2. What is cosine similarity?
It measures how similar two vectors are by looking at the angle between them, ignoring their length. If two vectors point in the same direction the similarity is 1 (identical meaning), if they're perpendicular it's 0 (unrelated), and if they point in opposite directions it's -1. We care about direction rather than magnitude because that's what captures meaning.
3. Why must you use the same embedding model for documents and queries?
Each model maps text into its own vector space. If you embed documents with one model and queries with another, the vectors are in completely different spaces and the numbers aren't comparable. It's like measuring one thing in kilometres and another in pounds, then trying to find the "closest" match.
4. What happens if you remove the overlap between chunks?
Sentences that fall on chunk boundaries get cut in half. The first half ends up in one chunk and the second half in another, so neither contains the complete thought. If a question targets that sentence, retrieval might find a partial match or miss it entirely. Overlap ensures boundary sentences appear in full in at least one chunk.
5. What would happen if you embedded each document as one giant chunk?
The embedding would average over the entire document's meaning. If a document covers 10 different topics, the embedding sits in a vague middle ground between all of them, so a question about one specific topic gets a weak similarity score. Smaller chunks produce more focussed embeddings that match specific questions better.

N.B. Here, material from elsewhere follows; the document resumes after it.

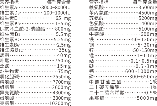 【原料組成 】12種必需氨基酸、中鏈脂肪酸(MCT)、Ω-3(亞麻酸+ EPA+ DHA)、乳酸鈣、膳食纖維、復(fù)合維生素、復(fù)合微量元素、果寡糖、雞肉粉和奶粉(載體)等。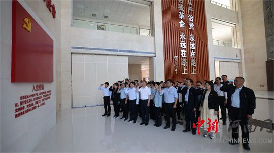 參觀結(jié)束后,全體黨員干部在黨旗前莊嚴重溫入黨誓詞,回顧初心使命。

6. What's the tradeoff in choosing how many chunks to retrieve?
More chunks means you're more likely to include the relevant information, but you also include more irrelevant text. This adds noise that can confuse Claude and uses more tokens (costing more and adding latency). Fewer chunks keeps things lean but risks missing the relevant passage. I find 3-5 chunks is a reasonable starting point.
7. Will the same document produce the same vector every time?

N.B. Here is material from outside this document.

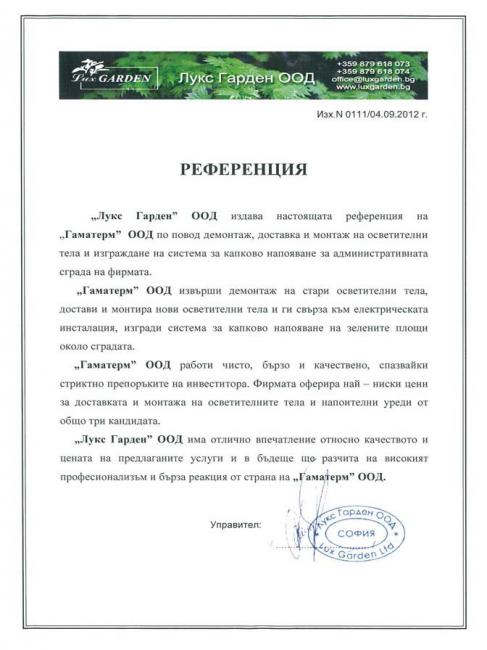 Гаматерм ООД е компания развиваща се в сферата на новите технологии и системи за работа в отоплението, ВиК инсталациите, електроинсталаците и термографските обследвания на обекти и системи, както на жилищни така и на индустриални сгради.

Yes, embedding models are deterministic. Same input text, same vector, every time. There's no sampling or randomness like there is in text generation.
When vectors will differ for the "same" document:
- Different model versions (weights change, vectors change entirely)
- Different preprocessing (whitespace, chunking, Unicode normalisation)
Practical implication: You can safely cache embeddings for unchanged documents. If you change chunking strategy or switch model versions, you must re-embed the entire corpus. Vectors from different models can't be mixed in the same index.